Issue with website with anti-bot detection.
Hi,
I am facing this error, quite a few times for multiple articles.
[ERROR] π« arun(): Failed to crawl https://www.washingtonpost.com/technology/2024/10/31/openai-chatgpt-search-ai-upgrade-google, error: [ERROR] π« crawl(): Failed to crawl https://www.washingtonpost.com/technology/2024/10/31/openai-chatgpt-search-ai-upgrade-google: Page.goto: net::ERR_HTTP2_PROTOCOL_ERROR at https://www.washingtonpost.com/technology/2024/10/31/openai-chatgpt-search-ai-upgrade-google
Call log:
navigating to "https://www.washingtonpost.com/technology/2024/10/31/openai-chatgpt-search-ai-upgrade-google", waiting until "domcontentloaded"
This happens for other URLs too occasionally, I can't find a definite pattern as to why this is happening.
Hi, when you set headless to false, you'll see it works, however some websites have strong bot detection capabilities and won't let you reach domcontentloaded events, specially when they detect headless.
Anyway, to overcome this, without set headless to False, is simply set the magic parameter to true when you call to crawl.
async def test_news_crawl():
async with AsyncWebCrawler(
verbose=True,
headless=True,
) as crawler:
url = "https://www.washingtonpost.com/technology/2024/10/31/openai-chatgpt-search-ai-upgrade-google"
result = await crawler.arun(
url,
bypass_cache=True,
magic=True,
)
assert result.success, f"Failed to crawl {url}: {result.error_message}"

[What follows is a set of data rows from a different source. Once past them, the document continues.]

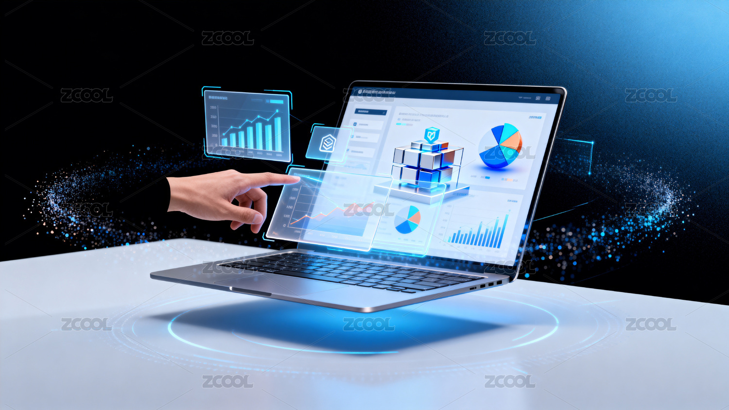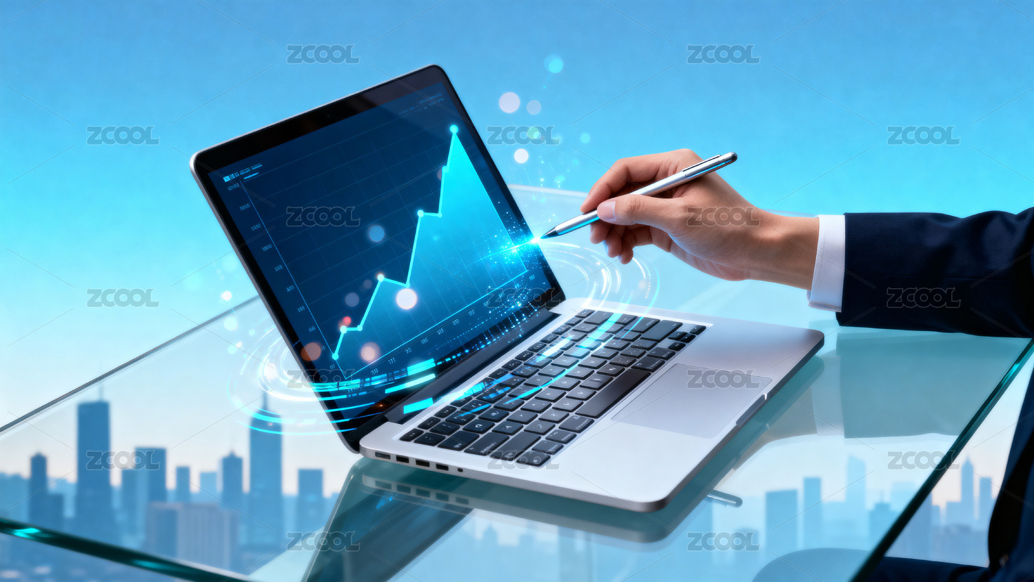 科技图表展示与键盘操作
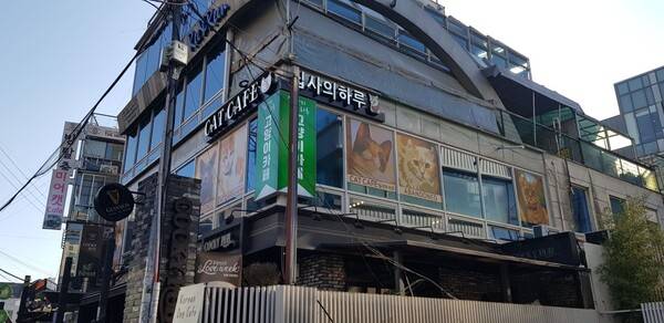 상처를 받아온 유기묘들에게 사랑을 불어주는 이곳은 집사의 하루라는 고양이카페인데요. 홍대 메인 길에서 홍익문화공원옆에 자리를 하고 있는 대형 고양이카페입니다.
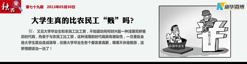 【新名詞:大學(xué)生農(nóng)民工】 他們出身農(nóng)村、考上大學(xué)進入城市,畢業(yè)后與進城打工的父兄匯流,又重新站在了同一條起跑線上;他們與新生代農(nóng)民工職業(yè)混同,工資相差無幾,生活境遇同樣是在城鄉(xiāng)之間漂浮。對這樣一個近幾年涌現(xiàn)的年輕人群體,我們稱之為“大學(xué)生農(nóng)民工”。

print(f"Successfully crawled {url}")
print(f"Content length: {len(result.markdown)}")
if __name__ == "__main__":
asyncio.run(test_news_crawl())
I've also found other ways to improve this. In the next version (0.3.74), I'll add better support for even more challenging situations, including the ability to set a browser user data directory easily and persist context. This allows you to build a digital fingerprint specific to crawling. More details are provided in another issue. https://github.com/unclecode/crawl4ai/issues/246
When I release the new version you can try more complicated case like the code below:
async def test_news_crawl():
# Create a persistent user data directory
user_data_dir = os.path.join(Path.home(), ".crawl4ai", "browser_profile")
os.makedirs(user_data_dir, exist_ok=True)
async with AsyncWebCrawler(
verbose=True,
headless=True,
user_data_dir=user_data_dir,
use_persistent_context=True,
chrome_channel="chrome",
headers={
"Accept": "text/html,application/xhtml+xml,application/xml;q=0.9,image/webp,*/*;q=0.8",
"Accept-Language": "en-US,en;q=0.5",
"Accept-Encoding": "gzip, deflate, br",
"DNT": "1",
"Connection": "keep-alive",
"Upgrade-Insecure-Requests": "1",
"Sec-Fetch-Dest": "document",
"Sec-Fetch-Mode": "navigate",
"Sec-Fetch-Site": "none",
"Sec-Fetch-User": "?1",
"Cache-Control": "max-age=0",
}
) as crawler:
url = "https://www.washingtonpost.com/technology/2024/10/31/openai-chatgpt-search-ai-upgrade-google"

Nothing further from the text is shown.